After removing every image, reproduce the data exactly as it appears.

══ Supplied data

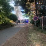 Po doplňujících telefonátech o rozsahu požáru překlasifikoval operační důstojník událost do druhého poplachového stupně a na místo vyslal ještě dobrovolné jednotky obcí Bohostice, Dolní Hbity a Kamýk nad Vltavou. Celkem tak bylo k dispozici pro zásah osm cisternových automobilových stříkaček a jeden automobilový žebřík.
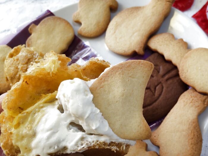 ホイップクリームや焼き芋ペーストのカスタードクリームを別々につけて食べても、楽しく美味しいです。
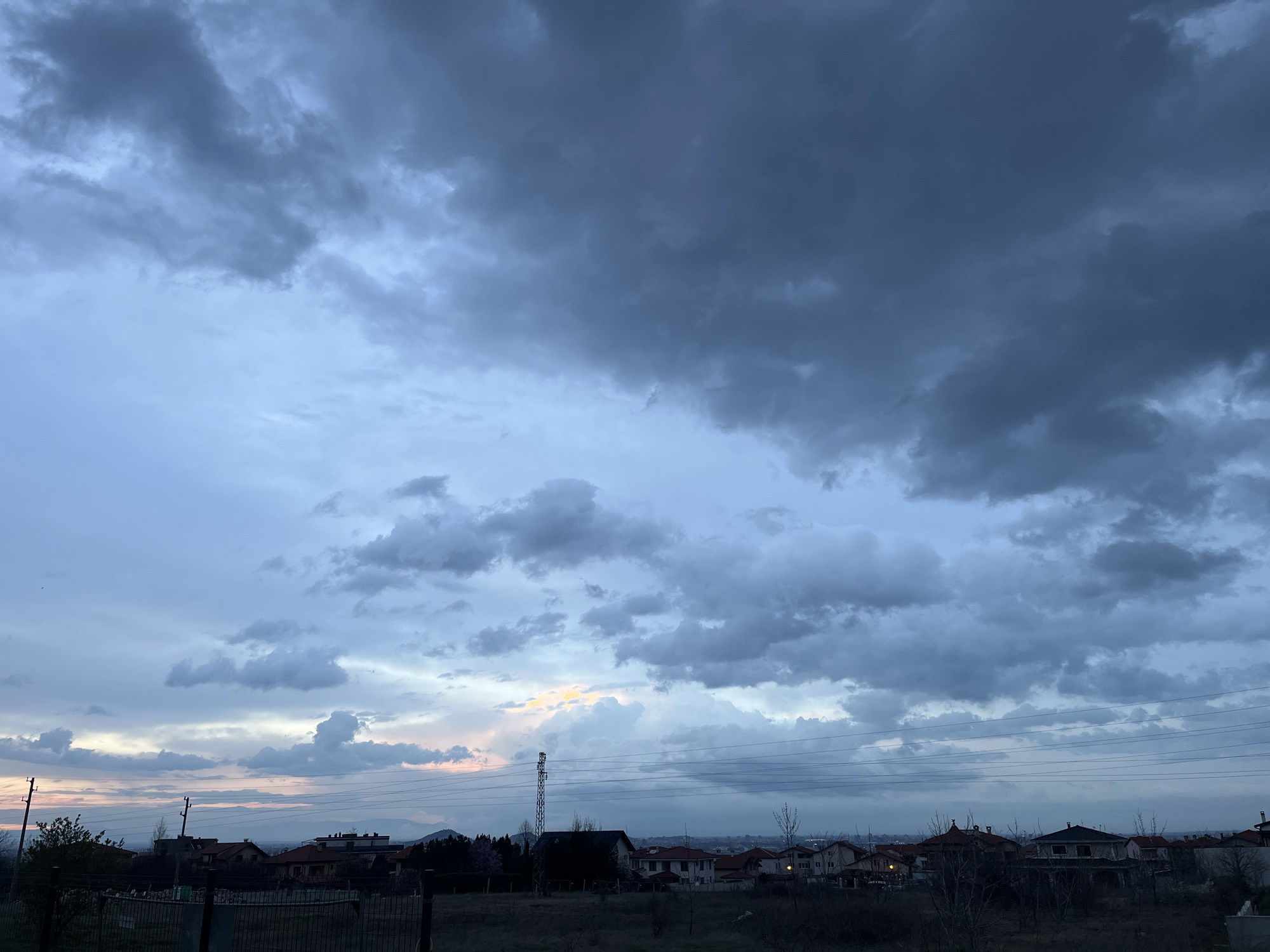 The image displays an exterior landscape of the city of Branipole, Bulgaria, at dusk or dawn. The sky occupies the upper two-thirds of the frame and is heavily covered by dense, dark gray and blue-gray clouds. A faint strip of lighter blue, mixed with subtle yellow-orange light, is visible along the horizon, predominantly towards the left-center, indicating the position of the sun. The lower third of the image shows the townscape. In the immediate foreground, a dark, uncultivated area of ground with sparse, bare vegetation is present. A dark metal fence runs partially across the bottom of the frame. Within the city, numerous residential buildings are visible, mostly houses featuring red or dark-tiled roofs. These structures are interspersed among deciduous trees, many of which are bare, and some evergreen foliage. A tall, metallic lattice tower stands vertically slightly left of the image's center. Multiple utility poles and a network of overhead power lines traverse the scene horizontally. Distant hills or mountains are faintly discernible on the far horizon, partially obscured by atmospheric haze. No individuals are present. The scene is illuminated by dim, ambient light.

════

» **Response to the exercise**
 Po doplňujících telefonátech o rozsahu požáru překlasifikoval operační důstojník událost do druhého poplachového stupně a na místo vyslal ještě dobrovolné jednotky obcí Bohostice, Dolní Hbity a Kamýk nad Vltavou. Celkem tak bylo k dispozici pro zásah osm cisternových automobilových stříkaček a jeden automobilový žebřík.
 ホイップクリームや焼き芋ペーストのカスタードクリームを別々につけて食べても、楽しく美味しいです。
 The image displays an exterior landscape of the city of Branipole, Bulgaria, at dusk or dawn. The sky occupies the upper two-thirds of the frame and is heavily covered by dense, dark gray and blue-gray clouds. A faint strip of lighter blue, mixed with subtle yellow-orange light, is visible along the horizon, predominantly towards the left-center, indicating the position of the sun. The lower third of the image shows the townscape. In the immediate foreground, a dark, uncultivated area of ground with sparse, bare vegetation is present. A dark metal fence runs partially across the bottom of the frame. Within the city, numerous residential buildings are visible, mostly houses featuring red or dark-tiled roofs. These structures are interspersed among deciduous trees, many of which are bare, and some evergreen foliage. A tall, metallic lattice tower stands vertically slightly left of the image's center. Multiple utility poles and a network of overhead power lines traverse the scene horizontally. Distant hills or mountains are faintly discernible on the far horizon, partially obscured by atmospheric haze. No individuals are present. The scene is illuminated by dim, ambient light.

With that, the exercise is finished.